Brief:
An exact copy of the data is required; the images should not appear in it.

Data records:
┏━━

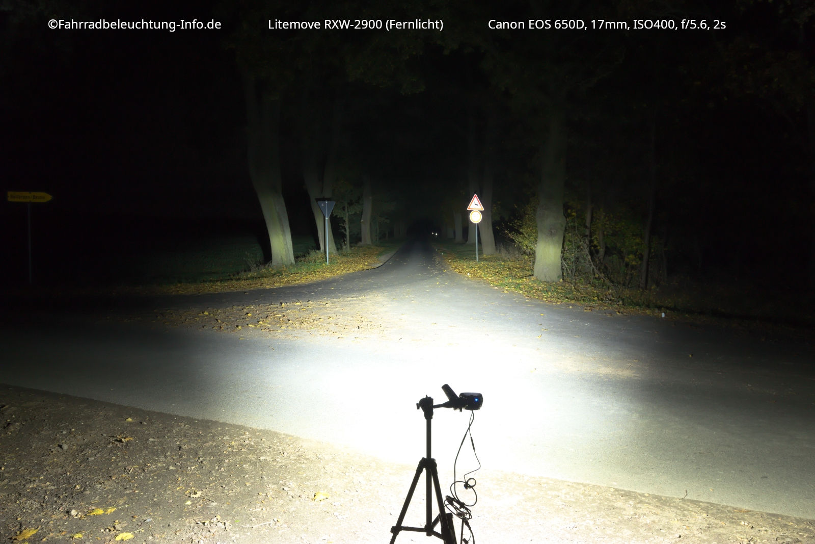 Hier ein Foto der Ausleuchtung des Litemove RXW-2900. Siehe auch Aufbau und Kameraeinstellungen. Für mehr Ausleuchtungsfotos von E-Bike-Scheinwerfern siehe Übersicht E-Bike-Scheinwerfer.
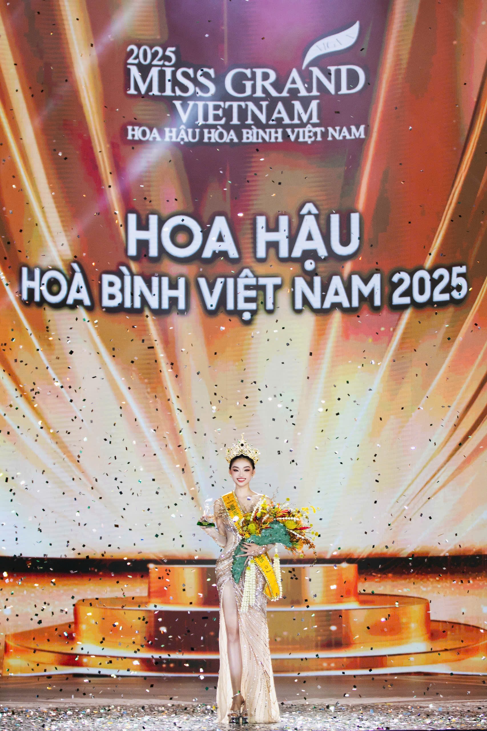 Hoa hậu Võ Lê Quế Anh trong phần final Walk Tiếp đó, BTC Miss Grand Vietnam 2025 công bố top 5 chung cuộc gồm: La Ngọc Phương Anh (An Giang); Nguyễn Thị Yến Nhi ( Đắk Lắk); Nguyễn Thị Thu Ngân (Cà Mau); Lê Thị Thu Trà (SBD 456 – Nghệ An); Đinh Y Quyên (Gia Lai).
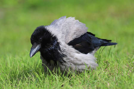 Dishevelled hooded crow - Corvus cornix - in the park on the grass in spring on a green blurry background
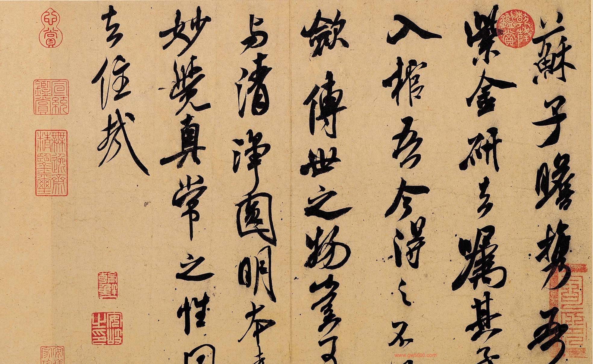 从此帖中,我们可以看到,米芾所谓的“刷”字,实际上是他令笔毫平铺纸上,以便运笔时能产生“万毫齐力”的效果。所以,可以说米芾的这个“刷”法,是适应行书发展到宋代,走向“尚意”之路以后技法上的新变化。
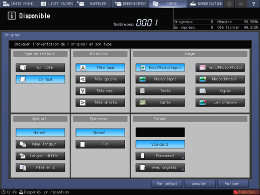 Pour copier des originaux recto-verso reliés en haut (imprimés tête en bas sur pages verso), sélectionnez [En haut] comme [Type de reliure] dans [Original]. Pour copier des originaux recto-verso reliés latéralement (même bord en haut de page), sélectionnez [Sur côté].
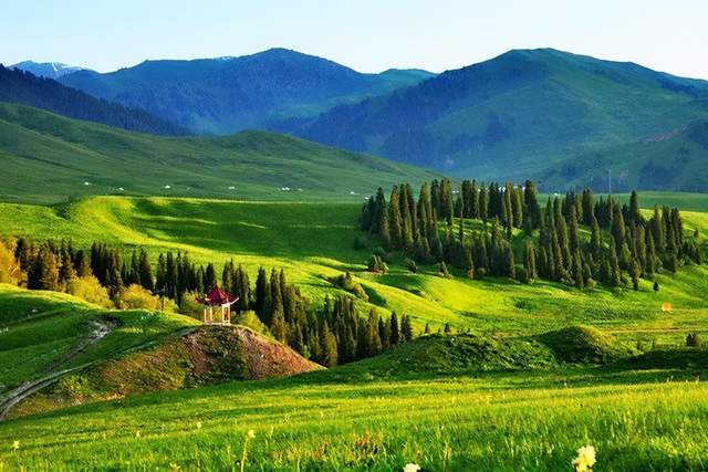 唐布拉大草原是亞洲四大最美草原之一,素有“百里畫卷,天然畫廊”之美譽(yù),被譽(yù)為人間天堂。有詩(shī)人形容唐布拉是“天神戀愛(ài)的地方”,每至初夏,有無(wú)數(shù)畫家、攝影家來(lái)此寫生和采風(fēng)。地處新疆天山北部尼勒克縣境內(nèi)的唐布拉大草原進(jìn)入初夏,嫩綠的草原猶如一幅巨大的綠色地毯從天際鋪展開(kāi)來(lái)!

┗━━

Answer box:
 Hier ein Foto der Ausleuchtung des Litemove RXW-2900. Siehe auch Aufbau und Kameraeinstellungen. Für mehr Ausleuchtungsfotos von E-Bike-Scheinwerfern siehe Übersicht E-Bike-Scheinwerfer.
 Hoa hậu Võ Lê Quế Anh trong phần final Walk Tiếp đó, BTC Miss Grand Vietnam 2025 công bố top 5 chung cuộc gồm: La Ngọc Phương Anh (An Giang); Nguyễn Thị Yến Nhi ( Đắk Lắk); Nguyễn Thị Thu Ngân (Cà Mau); Lê Thị Thu Trà (SBD 456 – Nghệ An); Đinh Y Quyên (Gia Lai).
 Dishevelled hooded crow - Corvus cornix - in the park on the grass in spring on a green blurry background
 从此帖中,我们可以看到,米芾所谓的“刷”字,实际上是他令笔毫平铺纸上,以便运笔时能产生“万毫齐力”的效果。所以,可以说米芾的这个“刷”法,是适应行书发展到宋代,走向“尚意”之路以后技法上的新变化。
 Pour copier des originaux recto-verso reliés en haut (imprimés tête en bas sur pages verso), sélectionnez [En haut] comme [Type de reliure] dans [Original]. Pour copier des originaux recto-verso reliés latéralement (même bord en haut de page), sélectionnez [Sur côté].
 唐布拉大草原是亞洲四大最美草原之一,素有“百里畫卷,天然畫廊”之美譽(yù),被譽(yù)為人間天堂。有詩(shī)人形容唐布拉是“天神戀愛(ài)的地方”,每至初夏,有無(wú)數(shù)畫家、攝影家來(lái)此寫生和采風(fēng)。地處新疆天山北部尼勒克縣境內(nèi)的唐布拉大草原進(jìn)入初夏,嫩綠的草原猶如一幅巨大的綠色地毯從天際鋪展開(kāi)來(lái)!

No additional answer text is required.